James Wiggins and Connie Wiggins sustained injuries in a motor vehicle accident on or about November 20, 1999. As a result of those injuries, the Wigginses sought medical treatment at Felker Clinic of Chiropractic, Inc. (hereinafter Felker Clinic) and assigned their personal injury protection (PIP) insurance benefits to Felker Clinic.

Appellee State Farm issued the subject insurance policy. Appellant Physician Management Associates, LLC, claims that it became the successor in interest to Felker Clinic and assumed Felker Clinic’s rights under the assignment.1 The alleged transfer occurred during the time that the Felker Clinic was administratively dissolved. On or about July 10, 2001, Appellant filed separate complaints, consolidated for the purposes of this appeal, alleging that benefits were overdue. In the lawsuits, Appellant claimed that PIP benefits were overdue. From the time of the accident to the time benefits were assigned to Appellant, the Felker Clinic was a corporation which the state had administratively dissolved for failing to file an annual report. The period of the dissolution was from September 24, 1999 to January 26, 2004.

Appellee filed motions for summary judgment on January 2, 2003, alleging that Appellant Physician Management Associates lacked standing to maintain the lawsuits because its parent corporation was, by accepting the Wiggins’ assignment, conducting business in violation of state law during the period it was administratively dissolved. As a result, the assignment was a nullity from the beginning, and its transfer to Appellant was also invalid. The trial court conducted a hearing on December 29, 2004. On January 14, 2005, it entered orders dismissing both complaints. This timely appeal followed.

Appellant argues that the reinstatement of an administratively dissolved corporation relates back to and takes effect as of the effective date of the administrative dissolution, and that reinstatement allows the corporation to resume carrying on its business as if the administrative dissolution had never occurred. Appellant cites Allied Roofing Industries, Inc. v. Venegas, 862 So.2d 6 (Fla. 3d DCA 2004), in support of its contention.

Appellee contends that the assignments were void ab initio because Felker Clinic could not carry on its business activities in its administratively dissolved status, except as necessary to wind up and liquidate its business and affairs, pursuant to section 607.1421(3), Florida Statutes.

In general, the dissolution of a corporation does not “[p]revent commencement of a proceeding by or against the corporation in its corporate name,” or “[a]bate or suspend a proceeding pending by or against the corporation on the effective date of dissolution.” Section 607.1405(2)(c), (f), Florida Statutes. Levine v. Levine, 734 So.2d 1191, 1196 (Fla. 2d DCA 1999). However, the claim before us was not pending at the time the Felker Clinic was administratively dissolved; it arose after the dissolution as a result of prohibited business activity in which the Felker Clinic engaged. Therefore, we find Allied Roofing to be inapplicable to this case.

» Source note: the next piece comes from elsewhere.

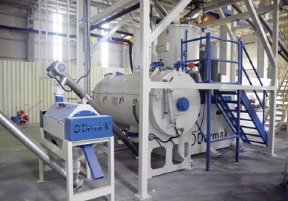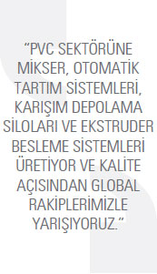 Dermak Makine olarak PVC sektörüne yönelik mikser, otomatik tartım sistemleri, karışım depolama siloları ve ekstruder besleme sistemleri üretiyor ve ürün kalitemizle Avrupalı rakiplerle yarışıyoruz. Makinelerimiz PVC bazlı üretimlerde işin mutfağını oluşturuyor. Nihai ürünün imalatından önce gerekli olan formüller bizim makinelerimizde hazırlanır. Diğer bir deyişle PVC bazlı ürün imalatına yönelik ilk adımı biz atıyoruz. Ürünlerimizi ana hatlarıyla dokuz başlık altında sıralayabiliriz. DMIX serisi PVC Isıtıcı-Soğutucu Mikserlerimiz, V serisi (Dikey tip soğutucu) ve H serisi (Yatay tip soğutucu) olarak ikiye ayrılıyor. PVC mamuller ilk olarak mikserleme aşamasından geçer. Kaliteli ürün almak için son derece homojen bir formülasyon elde etmek gerekir. Firmamız uzun yılların getirdiği tecrübeyle PVC mikserleme konusunda lider konumdadır. Gravimetrik otomatik toz dozajlama sistemlerimiz de toz ve sıvı dozajlama olarak ikiye ayrılıyor. Geliştirdiğimiz gravimetrik otomatik dozajlama sistemiyle (DDSys) tüm PVC üretimlerinin en önemli gereksinimi olan kaliteli formülasyonları el değmeden otomatik olarak hazırlayabiliyoruz. Sistem, gerek plastifiye edilmemiş (PVC-U) gerekse plastifiye edilmiş (PVC-P) formülasyonlarını en mükemmel şekilde hazırlayarak mikserlenip ekstruzyona hazır hale getirir. Yumuşak PVC formülasyonlarında DLSys (Gravimetrik Sıvı Dozajlama) ile akuple çalışarak gerekli olan formülasyonu kullanıma hazır hale getirir. DMIX MB Serisi Metalik Bonding Mikserlerimizse metalik toz boya üretiminde kullanılan metalik kaplama mikserleridir. DMIX WPC Serisi Ahşap Polimer Kompozit Mikserlerimiz, ahşap ve plastiğin karışımıyla elde edilen WPC (Wood Polymer Composite) ürünlerle çevreci ve ekonomik çözümler sunuyor.
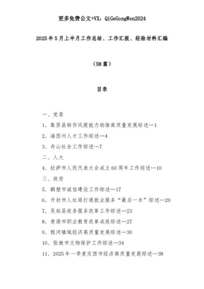 【七哥公文】2025年:(58篇)2025年5月上半月工作总结、工作汇报、经验材料汇编+更多免费公文+VX:QiGeGongWen2024+更多免费公文+VX:QiGeGongWen2024

PBF of Fort Myers, Inc. v. D & K Partnership, 890 So.2d 384 (Fla. 2d DCA 2004) is persuasive here. In PBF, the second district opined that “where claims accrued prior to administrative dissolution and were part of process of winding up its activity,” an administratively dissolved corporation is entitled to maintain a counterclaim for breach of lease against a lessor. This suggests the corollary that if a claim accrues after a corporation’s administrative dissolution in a context which did not involve the winding up of its affairs, the corporation may not maintain a legal claim. This is supported by dicta in Levine, cited by PBF, in which the second district wrote:

Arguably, however, section 607.1622(8) would preclude an administratively dissolved corporation’s suit on a cause of action accruing after its dissolution. But this would be the case only if the corporation was administratively dissolved for failing to file its annual report.(Emphasissupplied.)

Levine, at 1197.

Section 607.1405(1), Florida Statutes, governs the “effect of dissolution” of a corporation and states as follows:

(1) a dissolved corporation continues its corporate existence but may not carry on any business except that appropriate to wind up and liquidate its business and affairs, including:

a) collecting its assets;

b) disposing of its properties that will not be distributed in kind to its shareholder;

c) discharging or making provision for discharging liabilities;

d) distributing its remaining property among its shareholder according to their interests; and

e) doing every other act necessary to wind up and liquidate its business and affairs.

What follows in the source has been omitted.